“As sure, sir, as that I am talking to you at this moment,” returned the old man, confidently. “I could not see the rector, it is true, for the chapel was dark, but I knew the good old man’s voice well, and I know that, instead of the young man’s clergyman—if a clergyman he had with him at all—marrying them, the rector of St. John’s chapel said the ceremony over them himself.”

“Oh, if you could prove this to me!” Marion’s son said, an agony of longing in his concentrated tones.

The sexton shook his head with an air of perplexity.

“I cannot prove it, sir, except by my word, and I’ve never told any one before; but you, sir, being the son of the pretty young lady—I had seen her before, strolling with the gentleman—you being her child, have a right to know it.”

“The rector! the rector! where is he? If this is true, he can prove it,” his companion cried, starting up with excitement.

“Ah, sir, he has been dead these ten years, and there is a young man in his place who could not know anything about this,” the sexton replied, with a look of pity at the handsome young stranger who was so painfully agitated.

“And there were no other witnesses—you were the only one who saw and heard this?”
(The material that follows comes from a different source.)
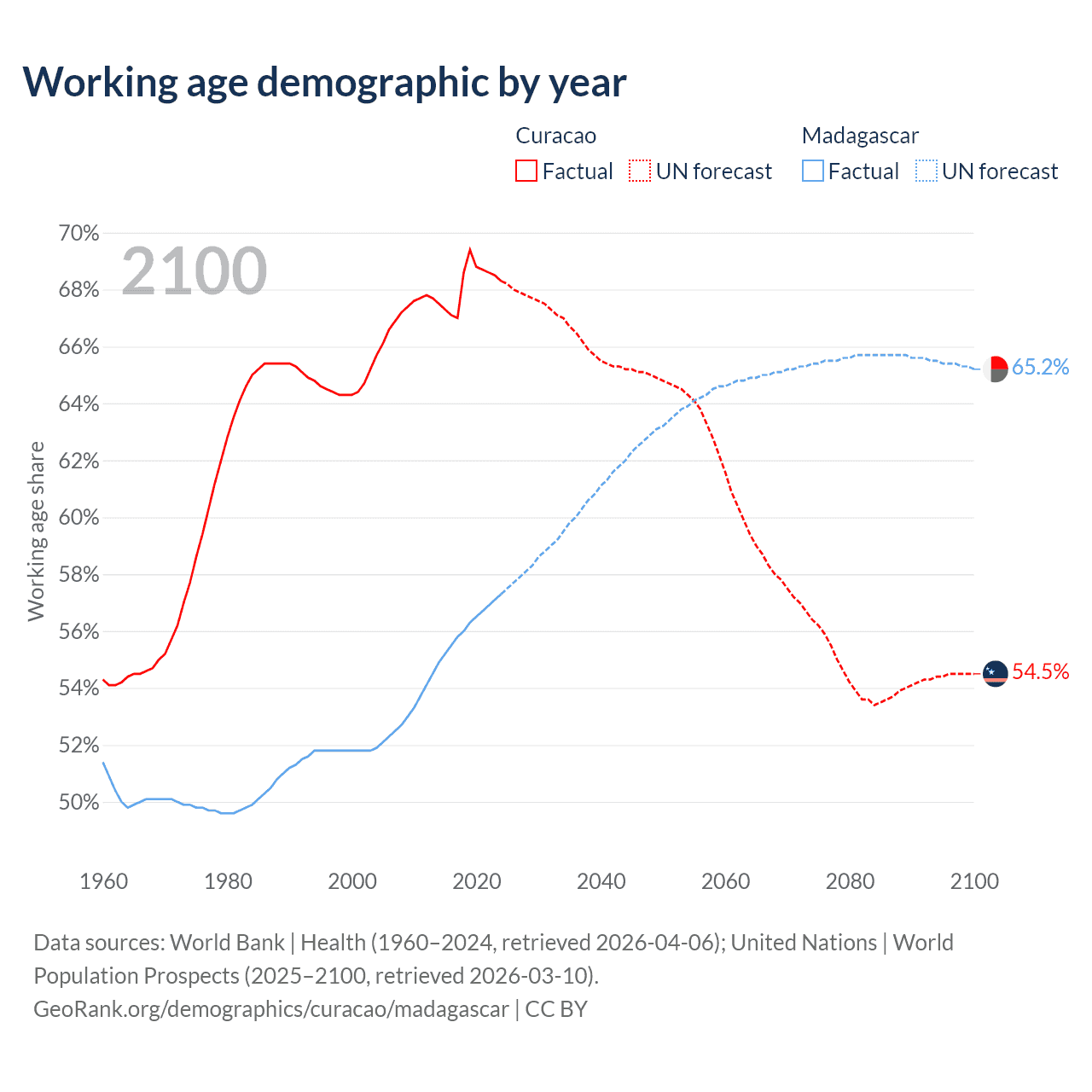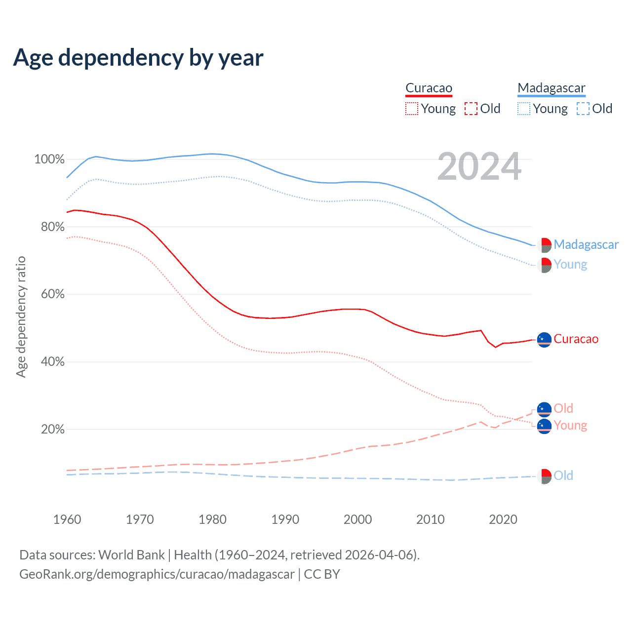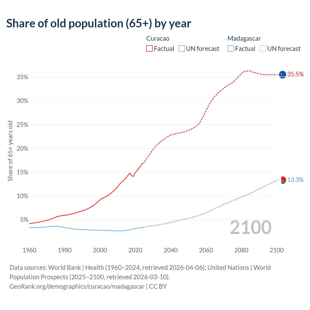 - The share of old-age demographic (65+) in Curacao is 16.8% vs 3.41% in Madagascar.

“Yes, sir, I was the only one as far as I know; but,” with sudden thought, “I’ve heard that the old rector never went to bed at night without first writing down everything that had happened during the day, and perhaps Miss Isabel—that’s the rector’s daughter, sir, as came with you hither, bless her kind heart!—perhaps she could tell you something more about it.”

“Thank you. What you have told me to-night is of the most vital importance, as you have doubtless judged by my unavoidable excitement. If what you say can be proved, it will repair one of the greatest wrongs ever committed upon this earth,” Marion’s son replied, very gravely.

“I feared it—I feared it at the time—may God forgive me for ever betraying my trust,” murmured the old man, brokenly.